▸ **Data extract**
┌──

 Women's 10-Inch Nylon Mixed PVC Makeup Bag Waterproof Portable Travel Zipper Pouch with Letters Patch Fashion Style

└──
┌──

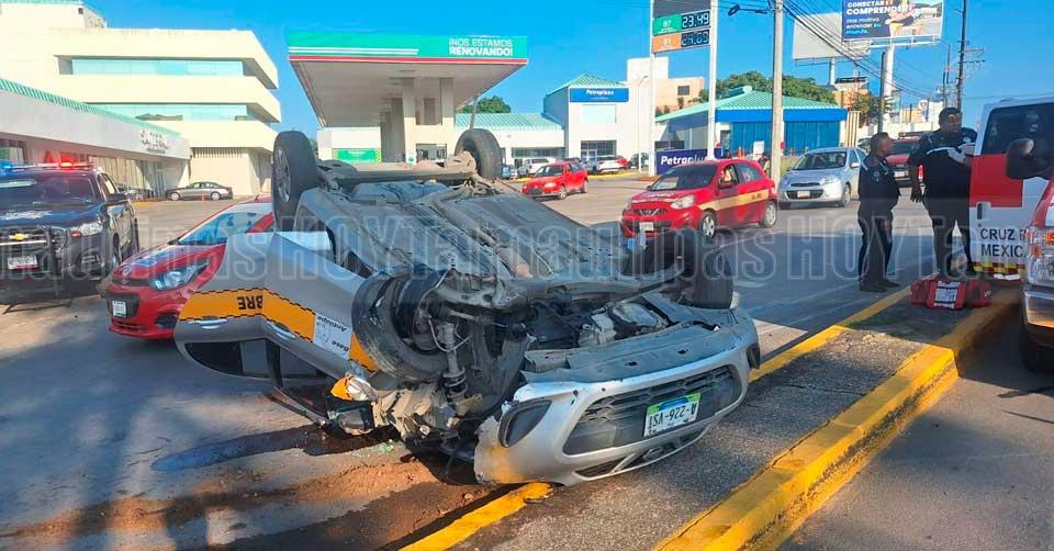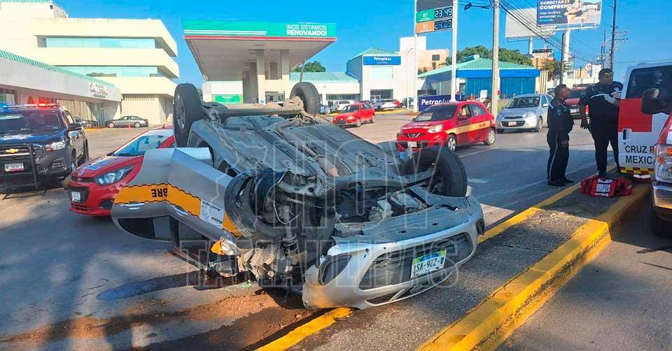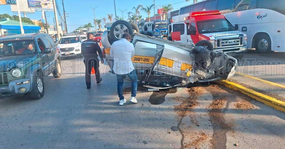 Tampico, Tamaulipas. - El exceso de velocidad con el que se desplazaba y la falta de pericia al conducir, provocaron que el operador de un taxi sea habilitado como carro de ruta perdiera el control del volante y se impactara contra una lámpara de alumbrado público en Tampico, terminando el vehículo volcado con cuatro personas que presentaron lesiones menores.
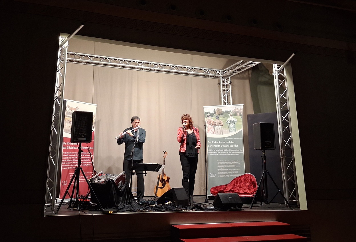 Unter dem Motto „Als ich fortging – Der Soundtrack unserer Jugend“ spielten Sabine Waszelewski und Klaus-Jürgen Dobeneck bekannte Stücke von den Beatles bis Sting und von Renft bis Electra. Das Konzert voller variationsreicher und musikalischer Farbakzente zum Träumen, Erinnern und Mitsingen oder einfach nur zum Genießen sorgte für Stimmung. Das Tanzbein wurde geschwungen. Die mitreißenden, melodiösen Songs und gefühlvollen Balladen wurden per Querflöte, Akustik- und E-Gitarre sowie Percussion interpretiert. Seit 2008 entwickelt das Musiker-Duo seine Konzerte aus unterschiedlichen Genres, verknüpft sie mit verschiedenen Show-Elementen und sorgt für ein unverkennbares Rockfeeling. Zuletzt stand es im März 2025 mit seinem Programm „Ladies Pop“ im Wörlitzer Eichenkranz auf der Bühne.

└──
┌──

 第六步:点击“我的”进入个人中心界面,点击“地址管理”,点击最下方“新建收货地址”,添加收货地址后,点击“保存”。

└──

▸ **Exercise objective**
Your answer is the exact run of lines above from the one with "Tampico, Tamaulipas. - El" through the one with "Unter dem Motto", both ends included, minus any picture.

▸ **Expected answer**
 Tampico, Tamaulipas. - El exceso de velocidad con el que se desplazaba y la falta de pericia al conducir, provocaron que el operador de un taxi sea habilitado como carro de ruta perdiera el control del volante y se impactara contra una lámpara de alumbrado público en Tampico, terminando el vehículo volcado con cuatro personas que presentaron lesiones menores.
 Unter dem Motto „Als ich fortging – Der Soundtrack unserer Jugend“ spielten Sabine Waszelewski und Klaus-Jürgen Dobeneck bekannte Stücke von den Beatles bis Sting und von Renft bis Electra. Das Konzert voller variationsreicher und musikalischer Farbakzente zum Träumen, Erinnern und Mitsingen oder einfach nur zum Genießen sorgte für Stimmung. Das Tanzbein wurde geschwungen. Die mitreißenden, melodiösen Songs und gefühlvollen Balladen wurden per Querflöte, Akustik- und E-Gitarre sowie Percussion interpretiert. Seit 2008 entwickelt das Musiker-Duo seine Konzerte aus unterschiedlichen Genres, verknüpft sie mit verschiedenen Show-Elementen und sorgt für ein unverkennbares Rockfeeling. Zuletzt stand es im März 2025 mit seinem Programm „Ladies Pop“ im Wörlitzer Eichenkranz auf der Bühne.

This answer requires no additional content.